- The Washington Times - Wednesday, December 27, 2006

RICHMOND — Anti-crime proposals will be plentiful during an election-year General Assembly session that begins Jan. 10.

With all 140 seats up for election in November, lawmakers will consider measures to expand Virginia’s capital murder statute and get tough on sex offenders — including Internet predators.

Other tough-on-crime measures are sure to materialize before the Jan. 19 bill-filing deadline.

Lawmakers continue to find new reasons to execute killers in Virginia, which ranks behind only Texas in the number of executions since the U.S. Supreme Court revived capital punishment in 1976.

Bills to be considered in the 2007 session would allow the death penalty for:

• Killing a justice or judge if the crime is related to the victim’s official duties.

• Murdering an informant or witness in a criminal case.

• Accomplices who share a murderer’s intent to kill but don’t directly inflict the fatal wound.

Virginia law already lists 14 “aggravating circumstances” that can elevate a murder charge to capital murder. Adding more is unnecessary, said Jack Payden-Travers, executive director of Virginians for Alternatives to the Death Penalty.

“In a sense, it’s almost grandstanding — trying to play to the media with a tough-on-crime attitude that really isn’t tough on crime; it’s almost stupid on crime,” he said. “This is not adding to public safety.”

Mr. Payden-Travers said the broader the scope of the capital murder statute, the more avenues there are for appeals that could strike it down. But that risk doesn’t deter lawmakers who are well aware of the broad public support for capital punishment, he said.

“This is just part of what you face every time there’s an election,” he said.

However, Delegate Robert Hurt, Pittsylvania Republican, noted that the capital murder proposals actually were introduced in the 2006 session.

Recent practice has been to refer all such bills to the Virginia State Crime Commission for a year of study.

“Public safety and getting tough on crime is a popular subject among legislators because one of the top priorities of government is to protect people in their homes and communities from criminals,” Mr. Hurt said. “It seems a natural subject at any time.”

He said he introduced the bill dealing with killing judges at the request of the Virginia Supreme Court.

“Everyone agrees that when you murder a judge because he or she is a judge, it strikes at the heart of the judicial system,” Mr. Hurt said. “It seems to make sense that an enhanced penalty or automatic option for the death penalty should be available to the commonwealth’s attorney.”
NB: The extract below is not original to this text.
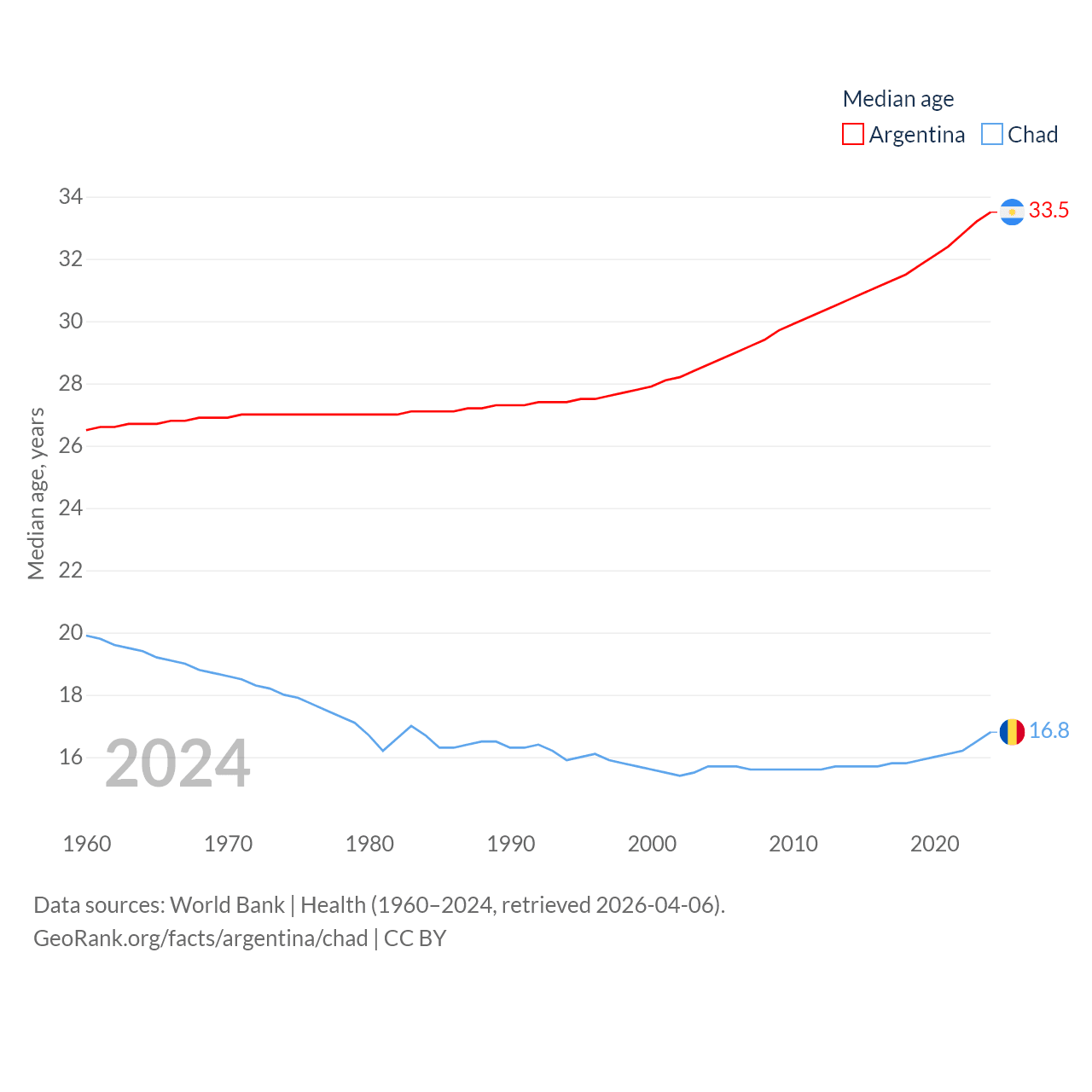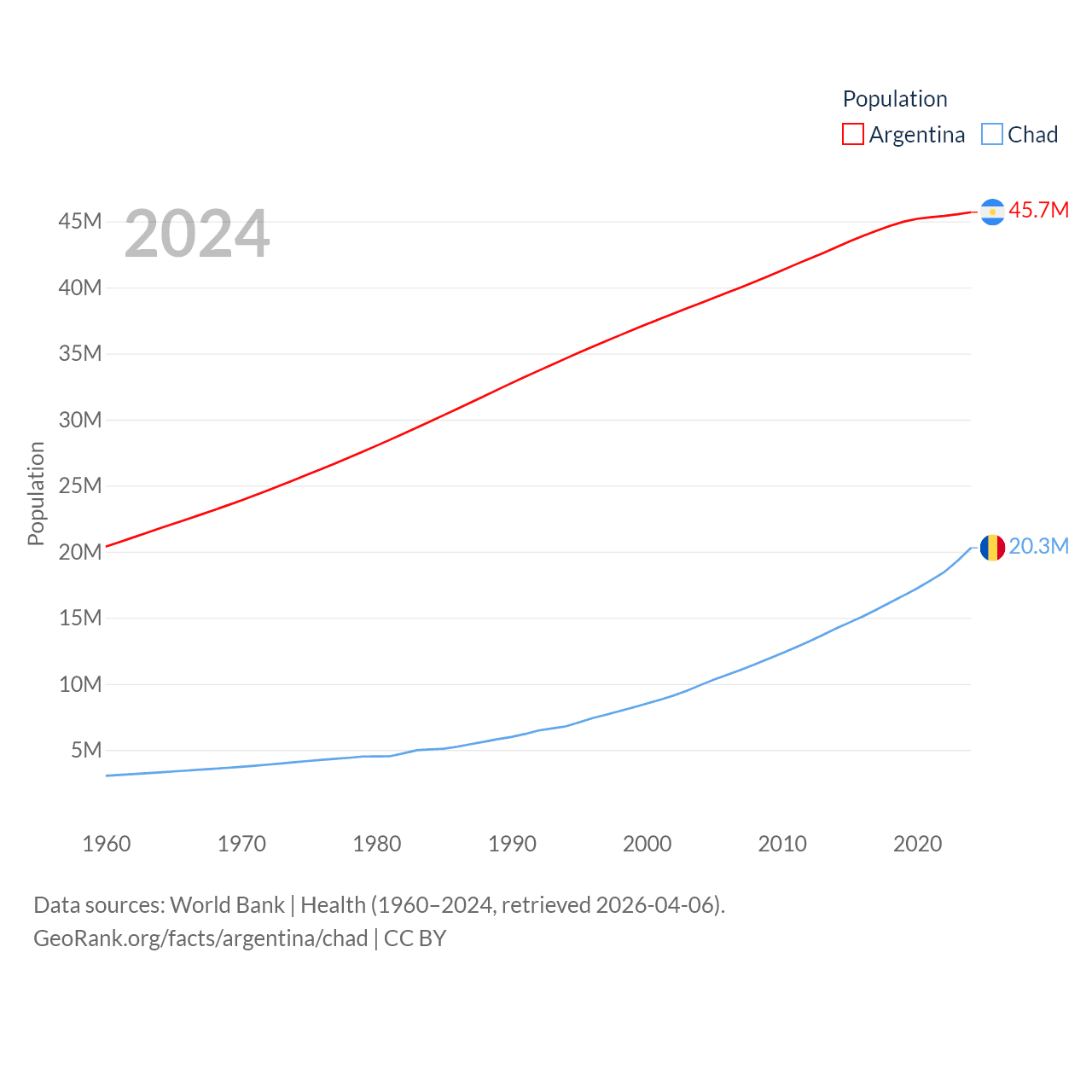 Argentina has a population of 45.7M (ranked 35/197), compared with 20.3M in Chad (ranked 65/197). Argentina's land area is 1,056,642 sq mi versus 486,180 sq mi for Chad (ranked 8th vs. 21st).

He also will sponsor many of the bills recommended by Attorney General Bob McDonnell’s Youth Internet Safety Task Force.

The recommendations include tougher sentences for online predators and measures to help police more efficiently investigate Internet crimes.

The assembly also will consider legislation that would require convicted sex offenders to get court permission before entering school or day care center property, as well as measures intended to protect nursing home and assisted-living facility residents from sex offenders.

Police and prosecutors aren’t the only ones who might get broader powers to deal with criminals. Legislators will consider a bill that would allow the use of deadly force against anyone who breaks into a home and physically threatens the occupant.

The measure would write into the Virginia code the common-law theory of self-defense.

Similar legislation cleared the House of Delegates last year, but was rejected by a Senate committee after a leading prosecutor warned that it amounted to “a license to kill.”